Seit ihrem Debütroman "Relax" (1997) ist Alexa Hennig von Lange ohne Zweifel eine überaus erfolgreiche Autorin. Auch "Erste Liebe" wartet mit dem gewohnt raschen Erzähltempo der Vorgängerbücher auf, und lässt dabei die bekannte Einfühlsamkeit nicht vermissen. Die Autorin versteht es, ganz alltägliche, für jeden greifbare Probleme des Erwachsenwerdens im Text zu verlebendigen.

Lelle wohnt nicht mehr zu Hause, aber dennoch nicht wirklich allein. Sie ist lediglich in das Hinterzimmer des elterlichen Büros gezogen und daran, dass ihr ihre Familie die ganze Zeit das Herz bricht - wie Lelle dem Leser im intimen Tagebuchstil anvertraut - hat sich nichts geändert. Für ihre überaus sensible und furchtsame Mutter ist sie die beste Freundin, die ihr nicht selten die Tränen trocknen muss, wenn Lelles Vater die Mutter mal wieder beschimpft hat. Vertrauensvoll und zärtlich ist der Vater gewöhnlich nur im Umgang mit seinen geliebten Zimmerpflanzen. Gegenüber der Familie hingegen hüllt er sich in bedächtig-überhebliches Schweigen. Auch gegen ihre Schwester Cotsch vermag sich Lelle nur selten durchzusetzen, etwa wenn sich diese mit einem ihrer ständig wechselnden Männer in Lelles Bett unüberhörbar vergnügt und Lelle die Nacht auf dem kalten Bürofußboden verbringen muss.

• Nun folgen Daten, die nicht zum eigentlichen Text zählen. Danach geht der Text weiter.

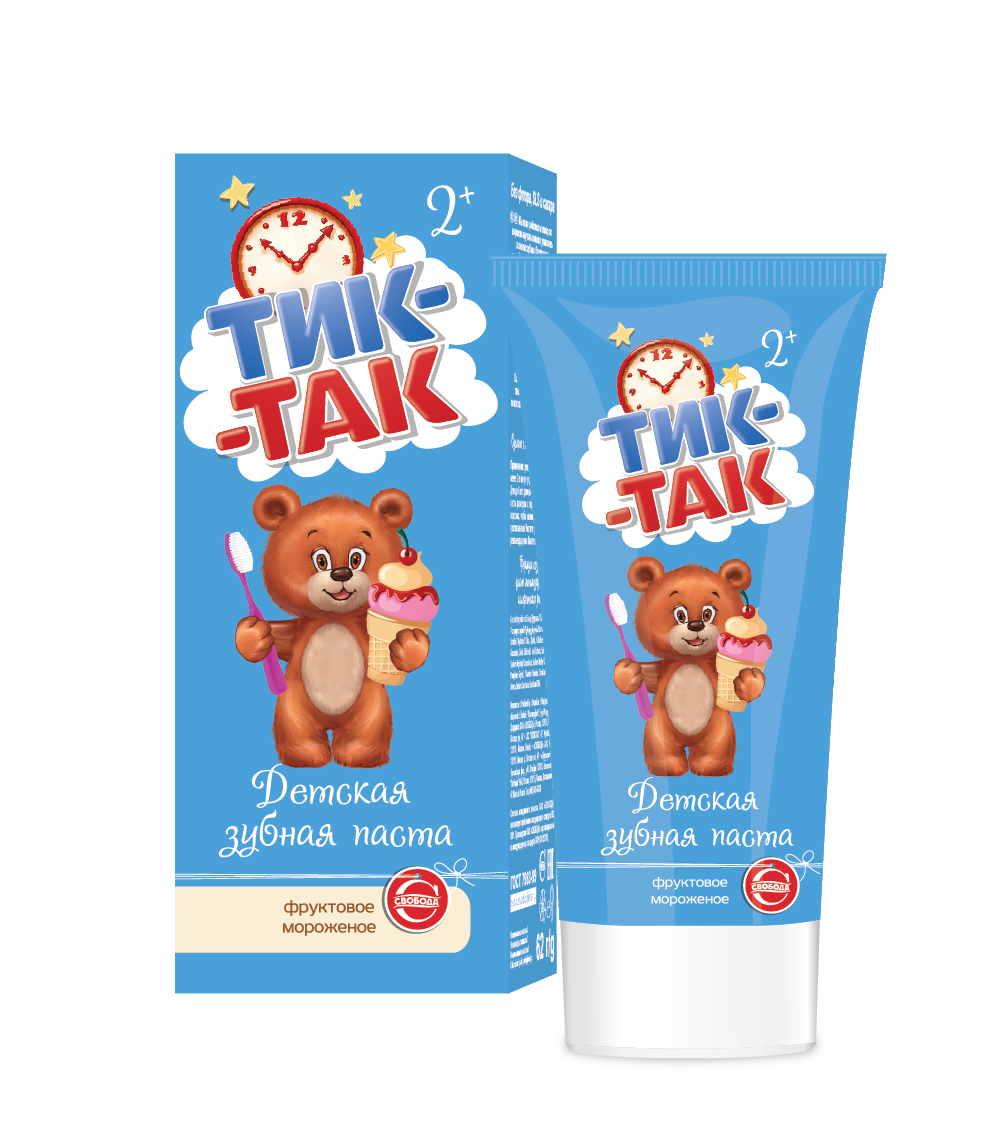 Особая мягкая очищающая система зубной пасты «Тик-Так» с ароматом клубники позволяет бережно ухаживать за полостью рта ребёнка, не повреждая структуру эмали молочных и первых постоянных зубов.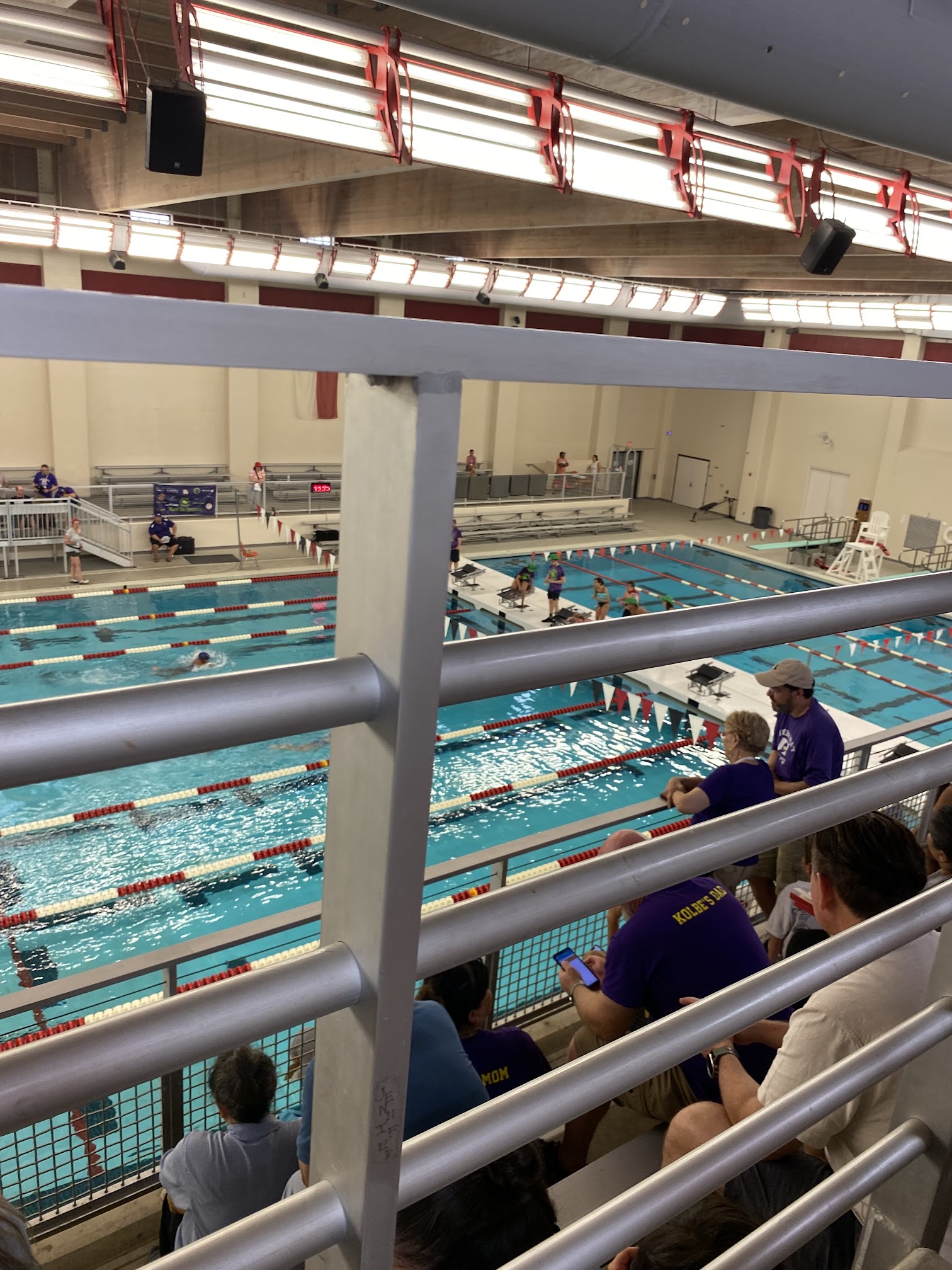 Clean indoor pool venue for swim meets as well as tennis courts and clean spectator bleachers.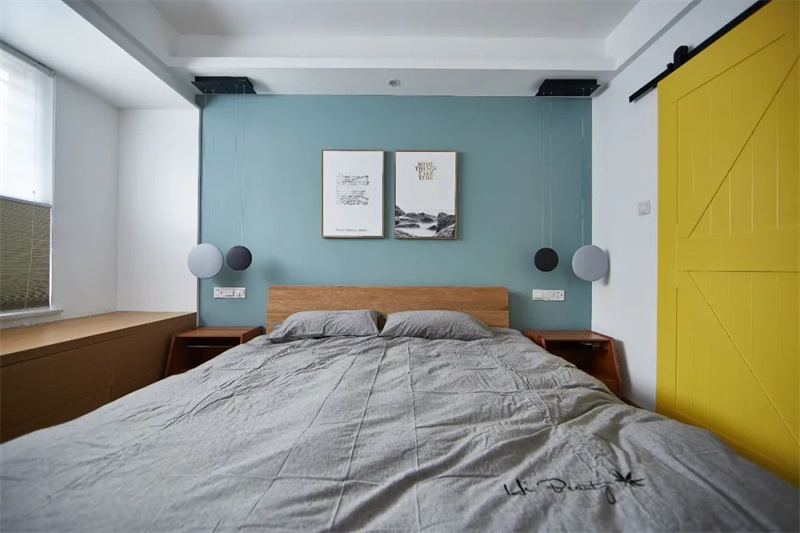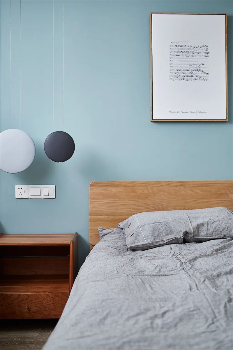 主臥室墻面是明亮的白色,藍色的床頭背景與灰色的床品組合,加上原木地板和實木家具,給空間帶來清新的自然感。主臥室的照明設計考慮到了夜間舒適的用光需求,包括床頭臺燈和壁燈,打造完美的休憩空間。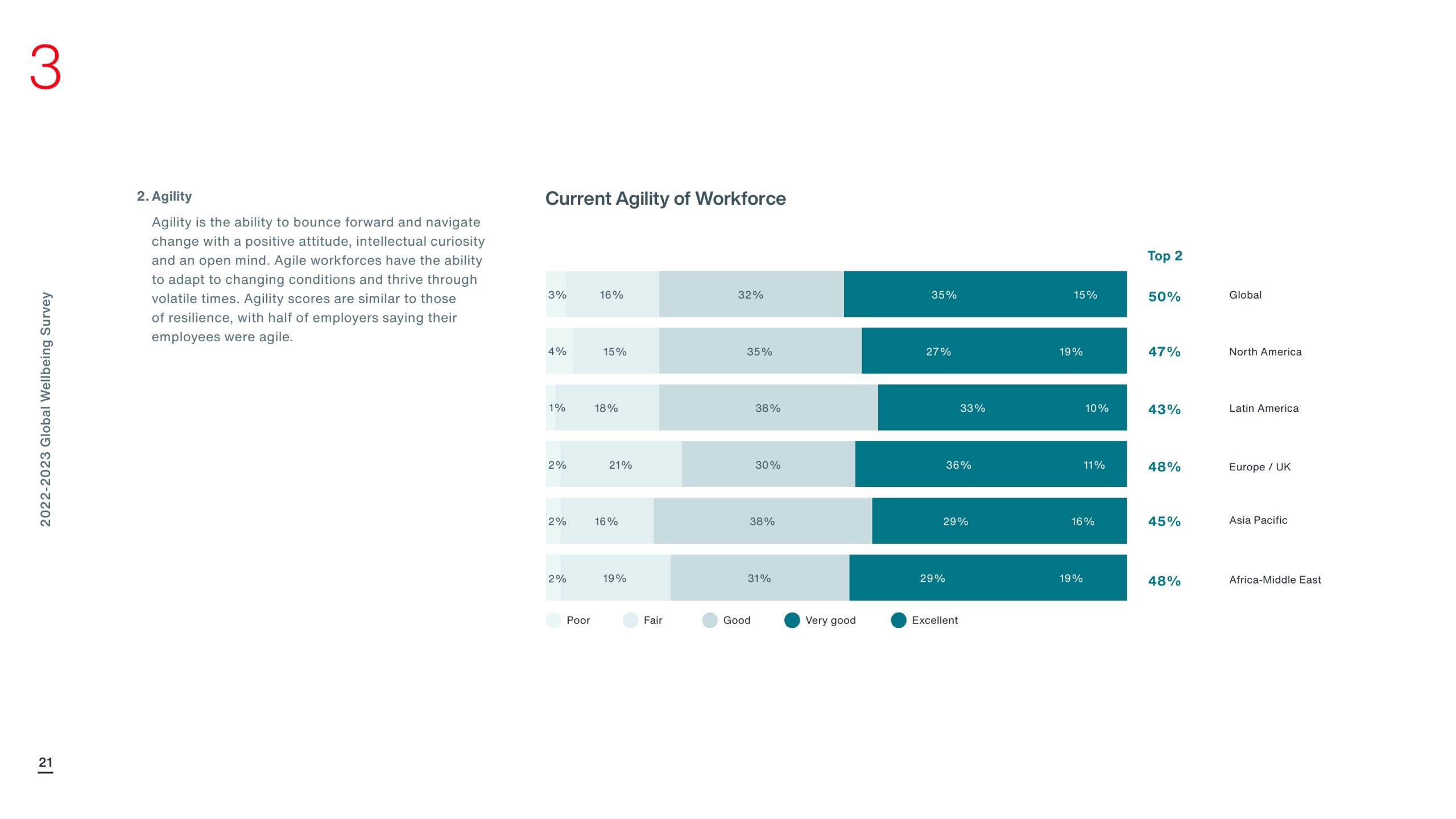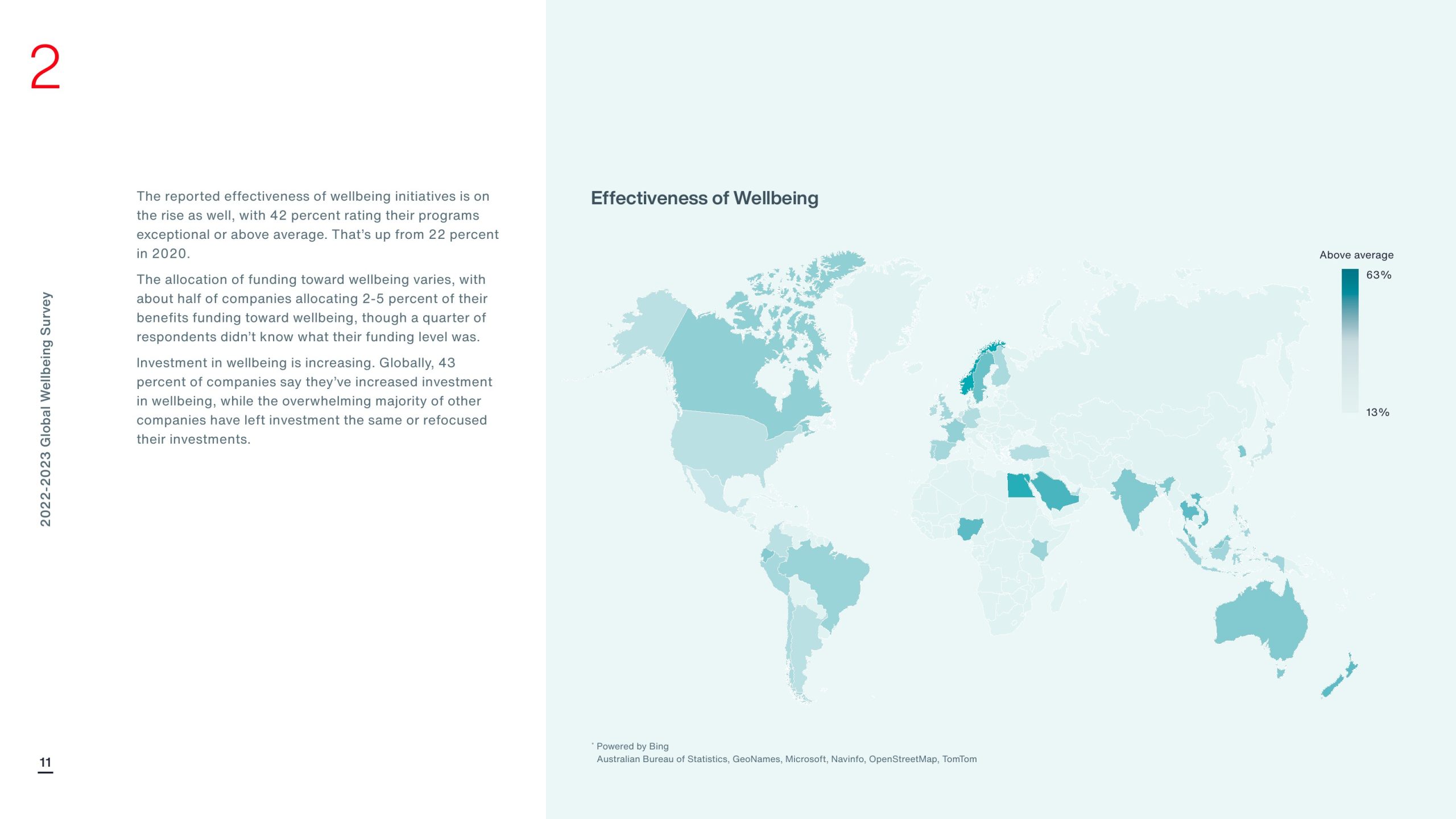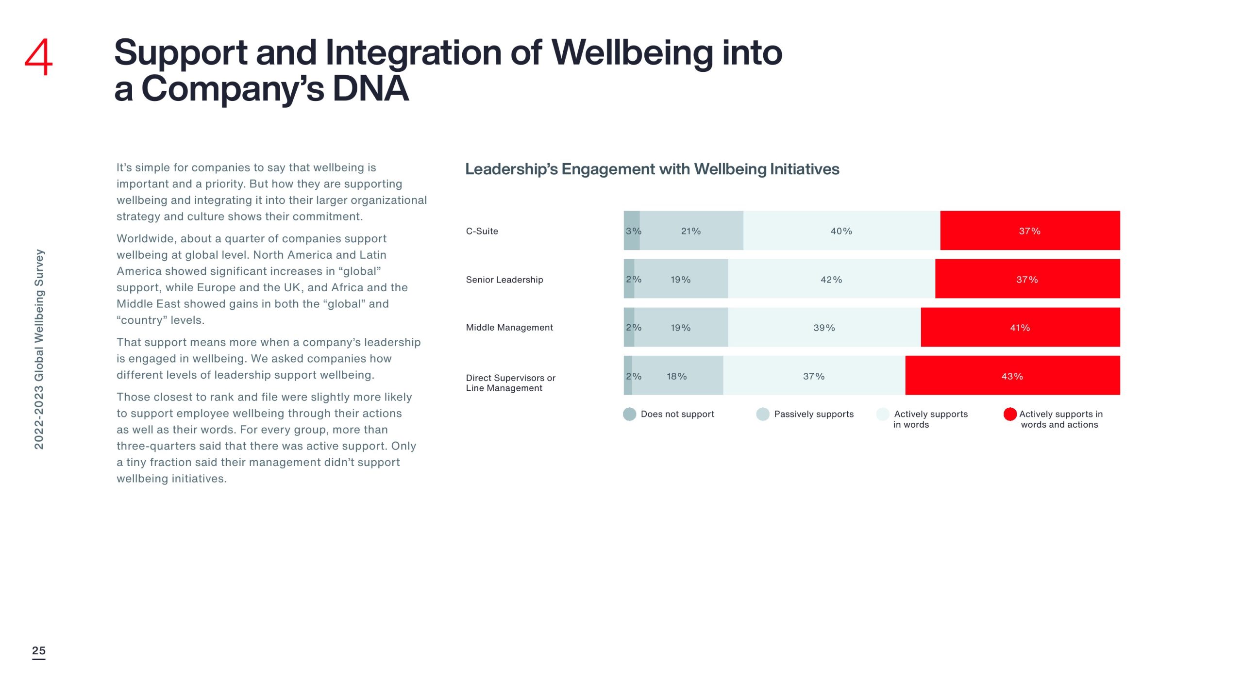- 全球 75% 的受访者表示员工福祉对他们的公司很重要,非洲和中东(82%)、拉丁美洲(80%) 和欧洲(80%) 地区最有可能这样说。

Lelle hat es nicht leicht mit ihrer Familie. Die Vorbildfunktion der Eltern, vor allem die der Mutter, hat sie als haltlos durchschaut und verworfen. Lelles daraus resultierende Haltlosigkeit äußert sich fast beiläufig in der Erwähnung ihrer Magersucht, mit der die Heldin lebt, als handle es sich um einen Schnupfen.

Der Erfolg der 31-jährigen Autorin ist umstritten. "Erste Liebe" wird daran wohl kaum etwas ändern. Ganz im Gegenteil. Dass der Verlag das Buch nicht als Jugendbuch erscheinen lässt, will nicht so recht einleuchten, schließlich richtet der Roman an Leser im Teenageralter. Hennig von Lange gelingt es zwar, dann und wann eine Atmosphäre zu formen, die auch die älteren Leser in den einen oder anderen emotionalen Strudel zu ziehen vermag und sie an die chaotischen Gefühlszustände jener Zeit erinnert. Dennoch fehlt es dem Text an wirklich Mitreißendem und Anhaltendem, - sprachlich wie inhaltlich.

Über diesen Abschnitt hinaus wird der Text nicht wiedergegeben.